*** Opening of Data segment ***
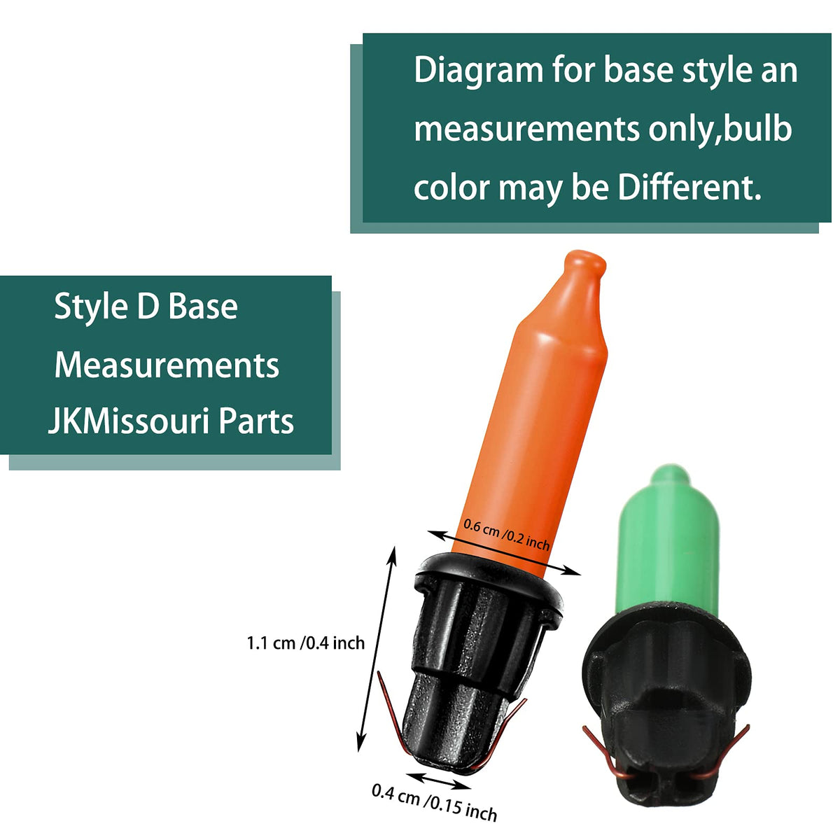 Q: What are the specifications of the 60 Count Mini Incandescent Wire String Lights Replacement Bulbs?A: The replacement bulbs are 2.5 volts, 0.425 watt, and 0.17 ampere, suitable for 50/100/150/200 count incandescent wire string lights. The base height is 1.1 cm (0.4 inch), base diameter is 0.4 cm (0.15 inch), and bulb diameter is 0.6 cm (0.2 inch).
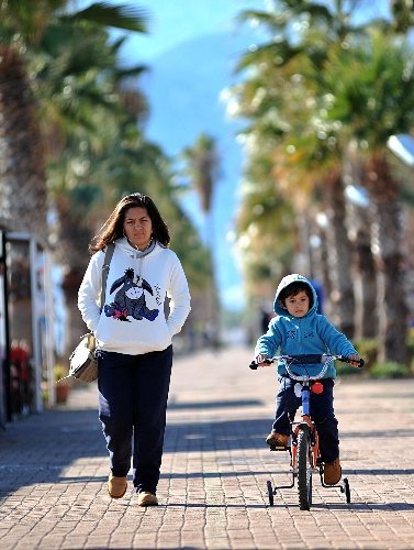 Güneşli ve sıcak havayı fırsat bilen Antalyalılar Konyaaltı Sahili'ne akın etti. Sıcaklığın 16 dereceye kadar çıktığı Antalya'da bazı vatandaşlar çocuklarıyla birlikte yürüyüş yaparken, bazıları da koşmayı tercih etti. Antalyalılar, deniz kenarında köpeklerini de gezdirdi. CİHAN
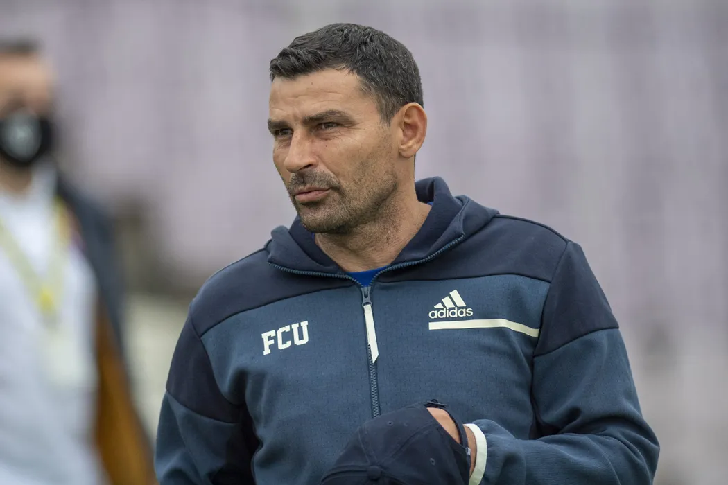 Eugen Trica, antrenorul echipei FC U Craiova 1948 urmareste meciul de fotbal dintre echipele Asu Politehnica Timisoara si FC U Craiova 1948, contand pentru etapa a 7-a din play-off-ul Ligii a 2-a de fotbal, disputat pe stadionul Dan Paltinisanu din Timisoara, vineri , 7 mai 2021. LECZKI JOZSI / MEDIAFAX FOTO
*** Close of Data segment ***
## Aim of the exercise
Only the lines from the line holding "Güneşli ve sıcak" through the last line above belong in the answer, repeated exactly; the pictures do not.

## Written answer
 Güneşli ve sıcak havayı fırsat bilen Antalyalılar Konyaaltı Sahili'ne akın etti. Sıcaklığın 16 dereceye kadar çıktığı Antalya'da bazı vatandaşlar çocuklarıyla birlikte yürüyüş yaparken, bazıları da koşmayı tercih etti. Antalyalılar, deniz kenarında köpeklerini de gezdirdi. CİHAN
 Eugen Trica, antrenorul echipei FC U Craiova 1948 urmareste meciul de fotbal dintre echipele Asu Politehnica Timisoara si FC U Craiova 1948, contand pentru etapa a 7-a din play-off-ul Ligii a 2-a de fotbal, disputat pe stadionul Dan Paltinisanu din Timisoara, vineri , 7 mai 2021. LECZKI JOZSI / MEDIAFAX FOTO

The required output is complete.